With a main course like pasta with seared scallops, pancetta, rapini, and a brown butter sauce, I would reach for a light-bodied, lower-intensity beer that won't overwhelm the more delicate flavors in the food. A peppery, citrusy Belgian saison would work great, though my favorite pairing with shellfish is a German schwarzbier. Its black, roasted malts, extremely light body, and crisp dryness work fabulously with the briny, sweet, butteriness of shellfish. For a richer main course, say, grilled hanger steak with a red-wine mushroom sauce, frites, and roasted shallots, try enjoying it with the earthy, toffee, cinnamon, and plum flavors of a Belgian abbey dubbel or Belgian dark ale.

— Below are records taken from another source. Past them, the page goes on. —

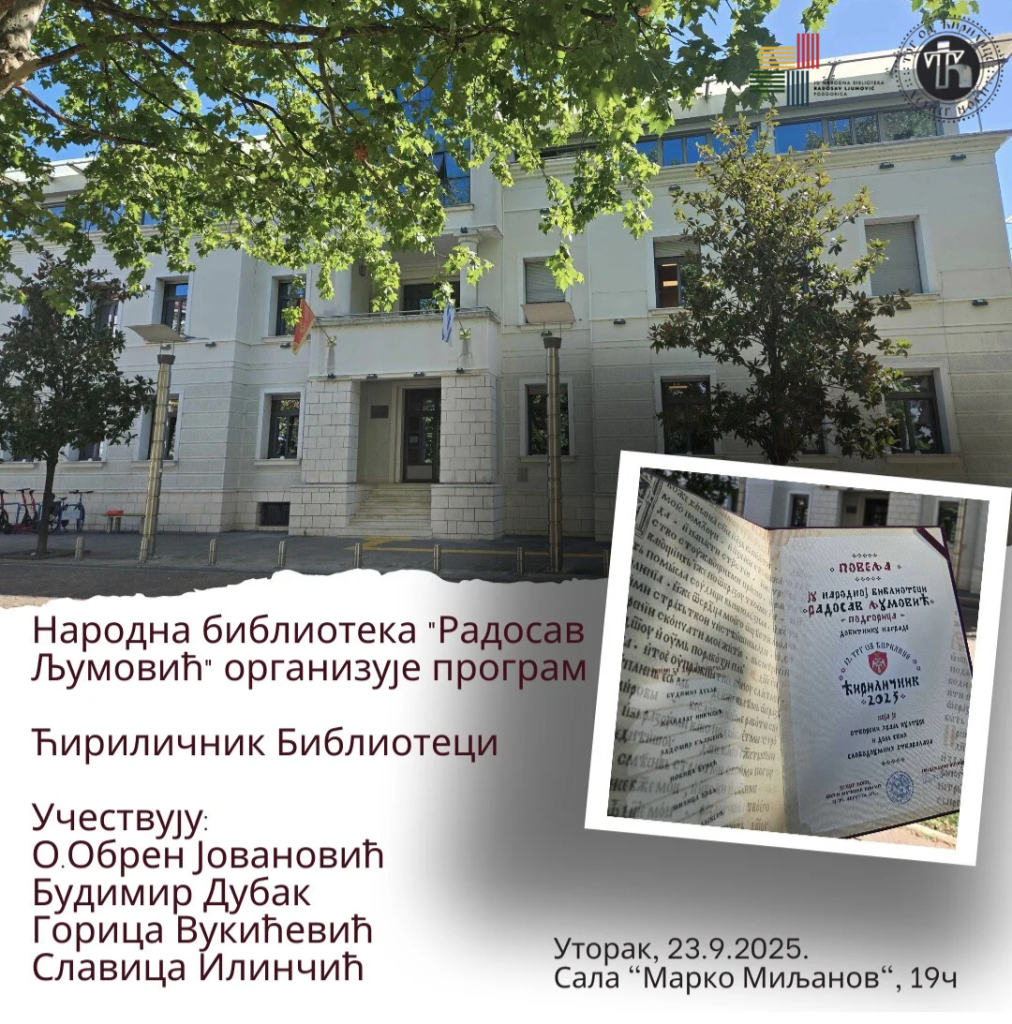 Obavještvamo Vas da će Narodna biblioteka “Radosav Ljumović” u utorak, 23. septembra, s početkom u 19 časova, organizovati program pod nazivom Ćiriličnik Biblioteci.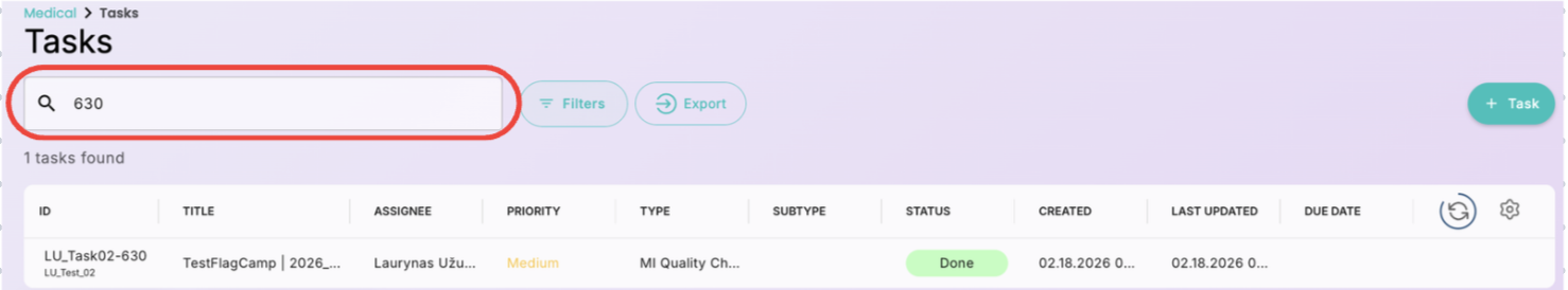 How To Search Tasks Tasks can be searched by entering the partial or full ID/Title of the desired Task in the search field, as shown below. Tasks Module Introduction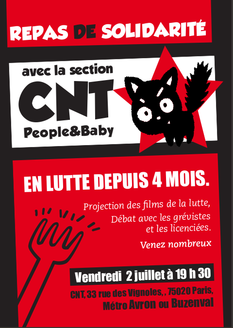 Repas de solidarité avec la section CNT People & Baby en lutte depuis 4 mois
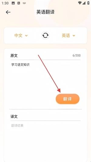 2、在翻译页面中输入中文原文(例如“学习语文知识”),接着点击【翻译】按钮。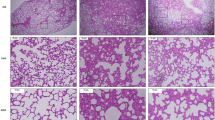 The lung samples were fixed in 4% paraformaldehyde at 4 °C for 48 h, embedded with paraffin wax, and cut into 5 μm-thick sections. The sections were stained with hematoxylin and eosin (Vector Labs, Burlingame, CA, USA) by following a standard protocol. Histopathologic analysis of lung sections was performed as described previously [28]. All the representative images were obtained under ×200 magnification.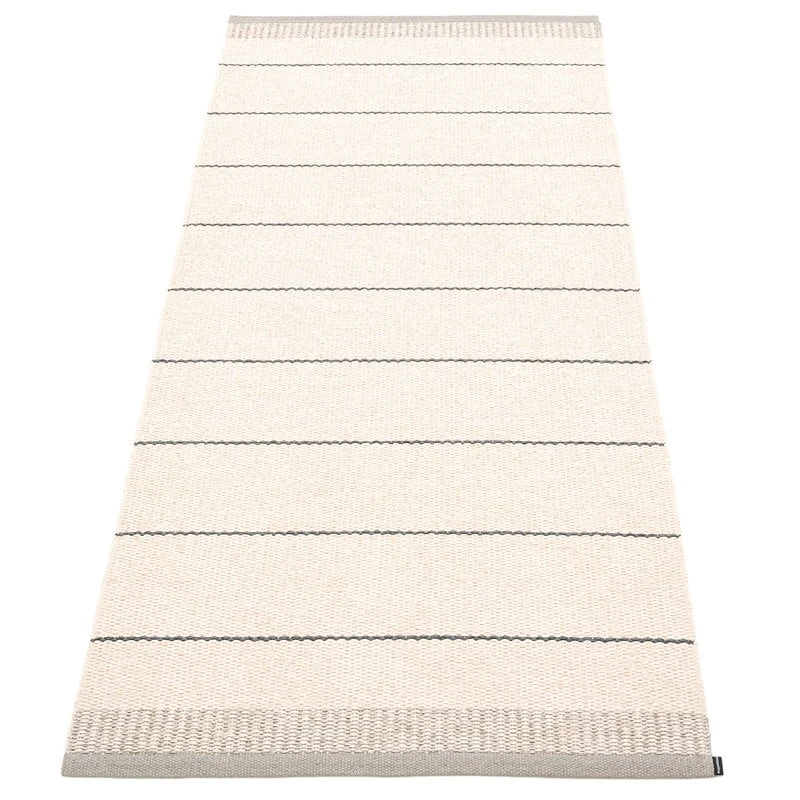Der vom schwedischen Teppichhersteller Pappelina entworfene Teppich Belle zeichnet sich durch den Kontrast von hellem Hintergrund und dünnen Streifen aus. Die doppelt gefalteten Kanten sind mit einer starken Naht gesäumt.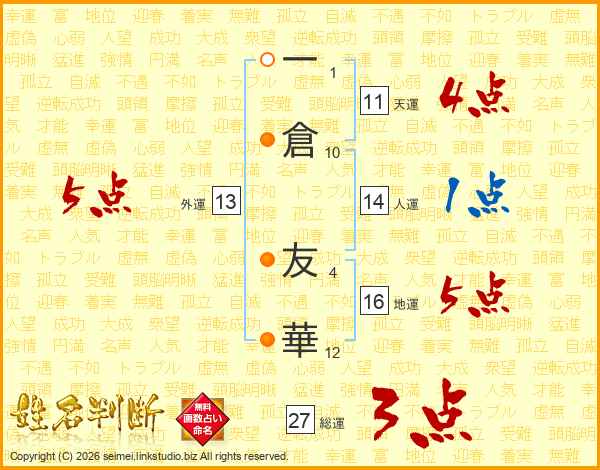 生活面を象徴する運勢です。外部から受ける影響力を表し、結婚運、家庭運や職場、環境への順応性を表します。総運から人運を引いた画数。姓や名が1文字の場合を除く。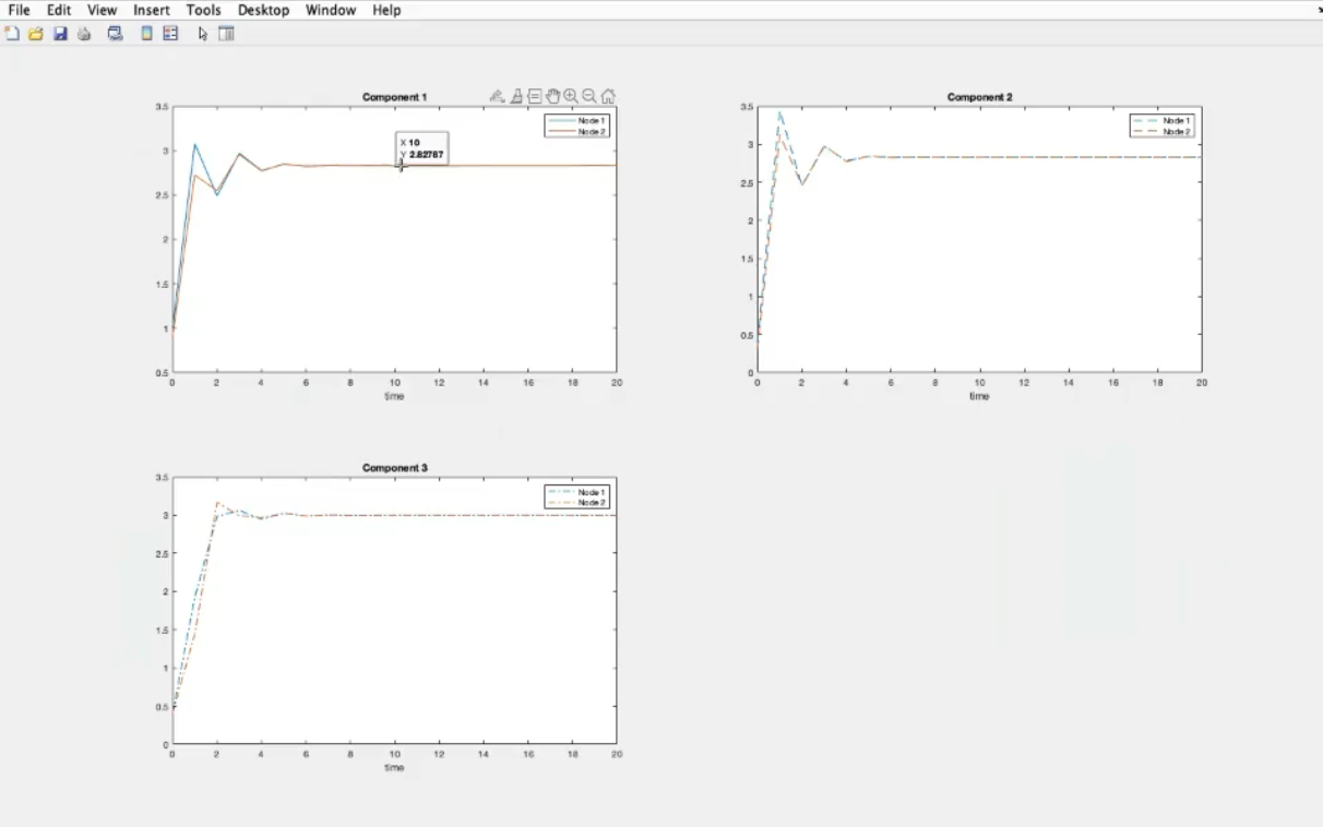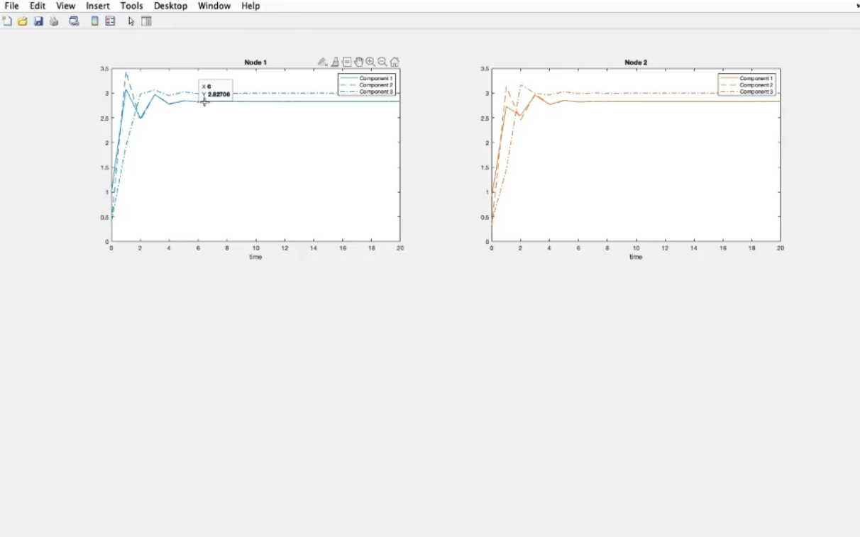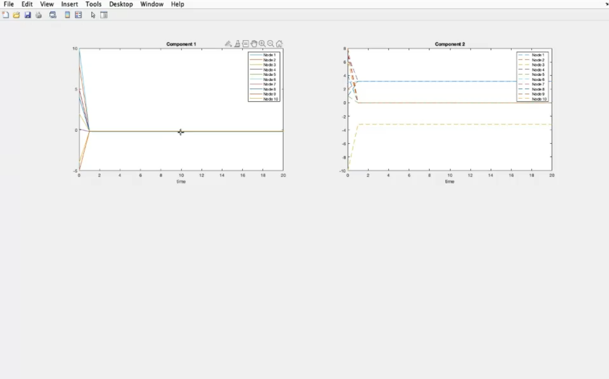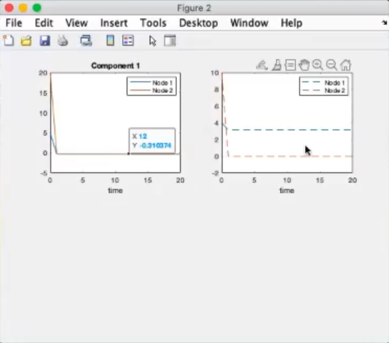 - After solving the system, this are the results, since the system is stable, both system convergee to the same results.
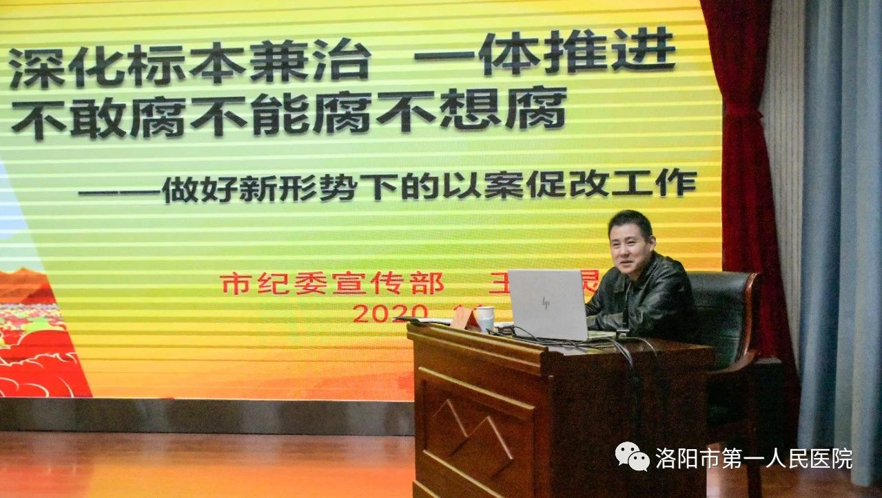 为认真贯彻落实以案促改工作及市卫健委关于《2020年全市卫生健康系统行业作风建设工作专项行动方案》,积极配合好市委第七巡察组对今日看料的巡察,11月7日上午,今日看料举行集中警示教育暨纠风工作动员大会,会议邀请洛阳市纪委监委宣传部部长王爱灵做专题宣讲。院党委班子、全院中层以上干部、各党支部书记、临床业务骨干、重点科室、重点岗位人员参加会议,党委书记王修利主持会议。

Beer and cheese are absolutely blissful in each other's company, and who am I to keep these two fermented staples of my fridge apart? As far as pairing flavors, cheeses vary as much as beers do, but overall, beer has the same earthy and nutty flavors of cheese, and it's hard to go wrong with a pairing. To play it safe, I usually recommend Belgian golden ales' earthiness, herbal-ness, and carbonation, but if you like really hoppy beers, the bitter-sweetness of piney, sticky, grapefruity American IPAs is just beautiful with rich, washed-rind cheeses. And for desserts, try cutting their fat and sweetness with the high alcohol and sweet intensity of an American barley wine or barrel-aged ale, and if there's chocolate anywhere near an imperial stout, get ready for a match made in heaven.
So, here's to 2009, the Year of the Beer. Make friends with a quality beer, and then introduce it to the foods you love. May it treat you well, affording you phenomenal, luxurious, gourmet experiences, letting you live the real high life.